▶ Work item
Nothing is needed except the lines below that run from the one with "それに最近はつかまりだちから" through the one with "杜增吉在會上講話。他首先肯定", repeated exactly.

▶ Records shown
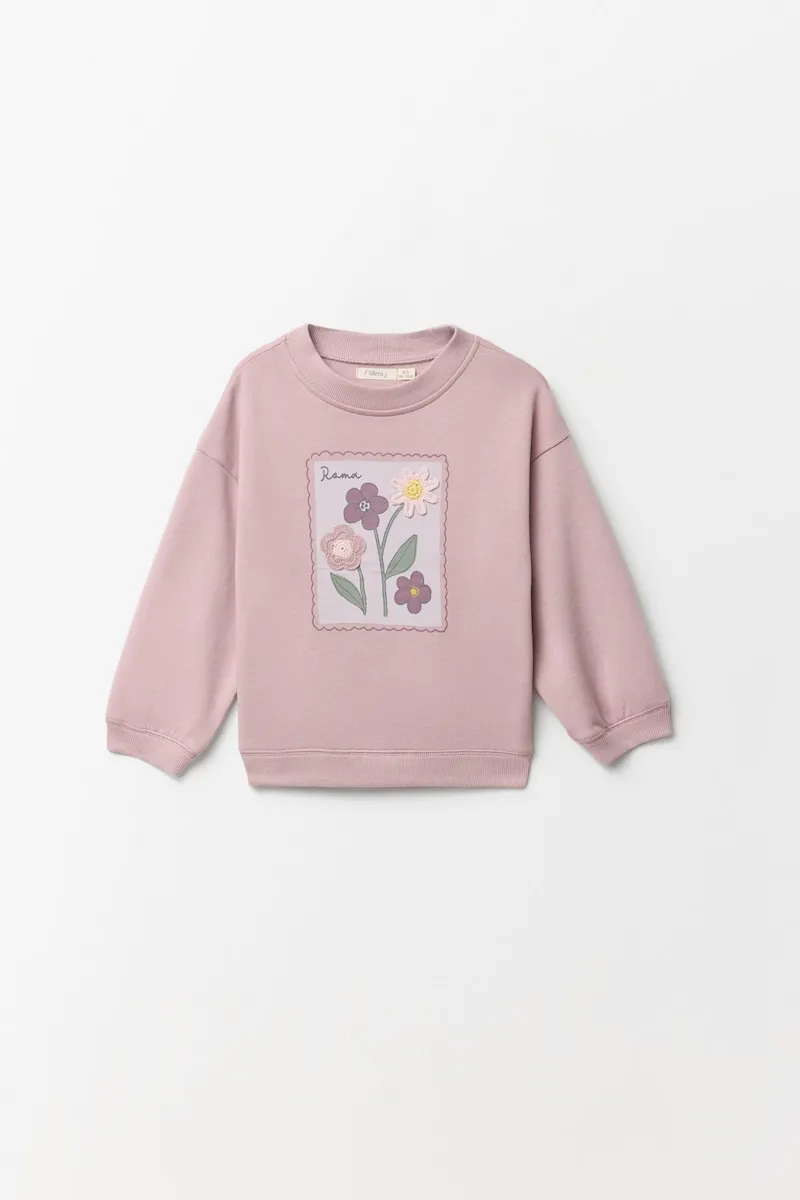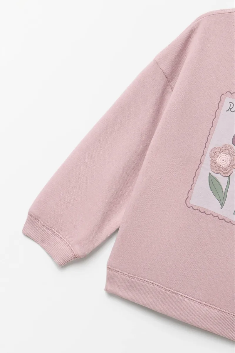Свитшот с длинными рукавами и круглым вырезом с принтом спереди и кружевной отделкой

* * *

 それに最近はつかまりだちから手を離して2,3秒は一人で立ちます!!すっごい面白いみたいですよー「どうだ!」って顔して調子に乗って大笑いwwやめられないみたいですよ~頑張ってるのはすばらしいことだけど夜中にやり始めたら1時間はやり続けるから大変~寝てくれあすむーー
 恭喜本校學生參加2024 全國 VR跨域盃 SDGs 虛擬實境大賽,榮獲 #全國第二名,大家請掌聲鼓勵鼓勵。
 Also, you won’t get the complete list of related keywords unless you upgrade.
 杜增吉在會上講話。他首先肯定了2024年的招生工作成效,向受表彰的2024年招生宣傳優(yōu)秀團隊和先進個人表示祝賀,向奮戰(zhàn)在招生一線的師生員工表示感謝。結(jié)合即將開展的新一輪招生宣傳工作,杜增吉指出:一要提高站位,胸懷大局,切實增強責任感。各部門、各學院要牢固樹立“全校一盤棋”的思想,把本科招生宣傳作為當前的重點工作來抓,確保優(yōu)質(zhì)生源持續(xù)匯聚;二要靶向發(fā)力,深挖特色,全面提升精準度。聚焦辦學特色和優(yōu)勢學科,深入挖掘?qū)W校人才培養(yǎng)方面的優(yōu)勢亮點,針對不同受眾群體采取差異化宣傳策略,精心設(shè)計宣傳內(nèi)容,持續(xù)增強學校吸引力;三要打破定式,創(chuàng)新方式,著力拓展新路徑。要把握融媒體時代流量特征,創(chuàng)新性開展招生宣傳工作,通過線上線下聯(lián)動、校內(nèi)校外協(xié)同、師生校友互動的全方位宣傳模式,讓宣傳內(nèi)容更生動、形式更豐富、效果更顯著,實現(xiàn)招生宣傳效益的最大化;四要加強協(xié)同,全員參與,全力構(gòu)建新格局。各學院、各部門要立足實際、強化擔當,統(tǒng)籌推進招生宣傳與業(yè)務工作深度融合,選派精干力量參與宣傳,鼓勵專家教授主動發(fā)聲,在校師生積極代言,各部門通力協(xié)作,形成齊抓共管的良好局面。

==

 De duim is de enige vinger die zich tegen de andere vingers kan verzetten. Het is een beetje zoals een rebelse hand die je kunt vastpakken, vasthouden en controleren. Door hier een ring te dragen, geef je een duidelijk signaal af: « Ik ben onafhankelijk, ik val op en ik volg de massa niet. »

▶ Completed task
 それに最近はつかまりだちから手を離して2,3秒は一人で立ちます!!すっごい面白いみたいですよー「どうだ!」って顔して調子に乗って大笑いwwやめられないみたいですよ~頑張ってるのはすばらしいことだけど夜中にやり始めたら1時間はやり続けるから大変~寝てくれあすむーー
 恭喜本校學生參加2024 全國 VR跨域盃 SDGs 虛擬實境大賽,榮獲 #全國第二名,大家請掌聲鼓勵鼓勵。
 Also, you won’t get the complete list of related keywords unless you upgrade.
 杜增吉在會上講話。他首先肯定了2024年的招生工作成效,向受表彰的2024年招生宣傳優(yōu)秀團隊和先進個人表示祝賀,向奮戰(zhàn)在招生一線的師生員工表示感謝。結(jié)合即將開展的新一輪招生宣傳工作,杜增吉指出:一要提高站位,胸懷大局,切實增強責任感。各部門、各學院要牢固樹立“全校一盤棋”的思想,把本科招生宣傳作為當前的重點工作來抓,確保優(yōu)質(zhì)生源持續(xù)匯聚;二要靶向發(fā)力,深挖特色,全面提升精準度。聚焦辦學特色和優(yōu)勢學科,深入挖掘?qū)W校人才培養(yǎng)方面的優(yōu)勢亮點,針對不同受眾群體采取差異化宣傳策略,精心設(shè)計宣傳內(nèi)容,持續(xù)增強學校吸引力;三要打破定式,創(chuàng)新方式,著力拓展新路徑。要把握融媒體時代流量特征,創(chuàng)新性開展招生宣傳工作,通過線上線下聯(lián)動、校內(nèi)校外協(xié)同、師生校友互動的全方位宣傳模式,讓宣傳內(nèi)容更生動、形式更豐富、效果更顯著,實現(xiàn)招生宣傳效益的最大化;四要加強協(xié)同,全員參與,全力構(gòu)建新格局。各學院、各部門要立足實際、強化擔當,統(tǒng)籌推進招生宣傳與業(yè)務工作深度融合,選派精干力量參與宣傳,鼓勵專家教授主動發(fā)聲,在校師生積極代言,各部門通力協(xié)作,形成齊抓共管的良好局面。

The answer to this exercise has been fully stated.